Members of our staff gave it a go. Hadyn fixed the inline remote control on a pair of headphones, making use of the Sugru’s waterproofing, flexibility and electrical resistivity. George fixed the key ring loop on a car key, which broke after a week or so of use (he sat on it again). But a new version strengthened with a miniature reinforcing bar fashioned from a paper clip is still going strong. I fixed a water leak in our office espresso machine and reconnected a loose piece of trim to the rain gutter on the roof of my car. The blobs of Sugru that replaced three broken plastic clips are holding up well through highway-speeds and torrential rain. Our repairs won’t win any beauty contests, but they’ve successfully extended the life of otherwise broken objects.
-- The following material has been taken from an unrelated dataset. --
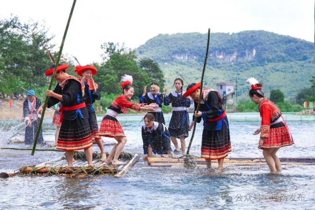 九寨河上,莎腰妹與阿貴哥立於竹排對唱,水面蕩漾著歌聲的浪漫情懷。隨後,身穿盛裝的瑤家漢子追逐清流,展現力量與豪情,田野間的互動遊戲更是熱鬧非凡,抓鴨子、抓泥鰍、全民抓魚,還有背起愛人在水田中奔跑的趣味比拼,讓遊客近距離感受瑤山田園的快樂與豐收的喜悅。

Sugru.com is filled with ideas for uses and projects, from repairs to “life-hacks”. Trying some of these, we made cable tidies from two Lego mini-figures, a hook for a set of keys and reinforced a Macbook charging cable to stop it getting bent and broken (like my previous one that needed a $60 replacement charger). My latest “aha!” moment is adding Sugru to zip pulls on my ski jacket pockets to make them easier to open while wearing gloves.
We’ve been impressed with this brightly coloured dough (it also comes in black, white and grey versions, though George suggests avoiding the white as it becomes grimy and looks like used chewing gum — ewww!). Our initial purchase of 16 packets is almost used up. We keep discovering other uses — things that need repair, hacks to improve product usability, or ways to customise things to just work better. We’ll be ordering more Sugru — I really want to try some of the ideas using magnets.
Available from Sugru.com (in black, white, grey, red, yellow, orange, blue, moss, pink, brown).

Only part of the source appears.